Some other thoughts:
• Mercer, in his brief career, has been a dangerous hitter in the second spot (.351/.386/.550/.936 in 217 plate appearances) but a cipher batting eighth (.226/.299/.316/.615). Mercer also tortures lefties (.340/.381/.528/.909 in 233 PA) and Polanco hasn’t been able to figure them out (.170/.219/.239/.457 in 97 PA). Mercer was hurt when the Pirates faced a lefty Tuesday and Hurdle wisely sat Polanco and Alvarez, but Mercer might be the guy to bat second the next time the Pirates face a lefty.
• Walker’s OPS has been remarkably consistent batting second (.799), third (.788), fifth (.792) and sixth (.800), but it’s tailed off when he bats cleanup (.720). He’s not the ideal cleanup hitter, but there’s nobody else clearly better.
None of this could be called critical. The order is always less important than lots of hits, wherever they might be. But since I got into this esoteric question with the aid of baseball-reference.com, let me end this with some batting orders that may bring back both happy and unhappy memories:
The most common batting order of the PNC Park era was this one from 2010 and manager John Russell. The team finished 57-105, and this was the opening octet for 10 games: Andrew McCutchen, Jose Tabata, Neil Walker, Garrett Jones, Pedro Alvarez, Ryan Doumit, Ronny Cedeno and Chris Snyder. (Doumit was the regular catcher but played right field when Snyder caught.)

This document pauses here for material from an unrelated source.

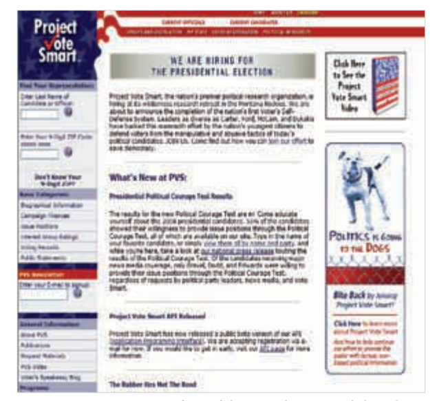
Figure 5. Project VoteSmart asks candidates to take a test and share their opinions on the issues important to voters.

The 1990 Pirates were the last Pittsburgh team to have a pretty set batting order. This lineup went to the plate in this order 44 times: Wally Backman, Jay Bell, Andy Van Slyke, Bobby Bonilla, Barry Bonds, Sid Bream, Mike LaValliere and Jose Lind. In 1991 and ’92, when the Pirates repeated as National League Eastern Division champions, the most common orders took the field only 19 and 12 times, though players such as Bell and Van Slyke stayed put.
Let’s end this with four Pirates World Champions:
1979, 68 different 1-through-8 batting orders, with the most common order for 30 games: Omar Moreno, Tim Foli, Dave Parker, Willie Stargell, John Milner, Bill Madlock, Ed Ott and Phil Garner.

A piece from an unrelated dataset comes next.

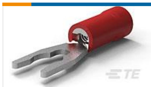
TE Part #53241-2 PG SPR SPD 22-16COMM 22-18MIL8

1971, 107 total batting orders, with the most common for seven games: Dave Cash, Richie Hebner, Roberto Clemente, Willie Stargell, Al Oliver, Bob Robertson, Manny Sanguillen and Gene Alley.
1960, 46 different batting orders, most common for 24 games: Bill Virdon, Dick Groat, Bob Skinner, Rocky Nelson, Roberto Clemente, Smoky Burgess, Don Hoak and Bill Mazeroski.
1925, 52 different orders, most common for 26 games: Max Carey, Eddie Moore, Kiki Cuyler, Clyde Barnhart, Pie Traynor, Glenn Wright, George Grantham, Earl Smith.
The 1909 World Championship Pirates order is unavailable.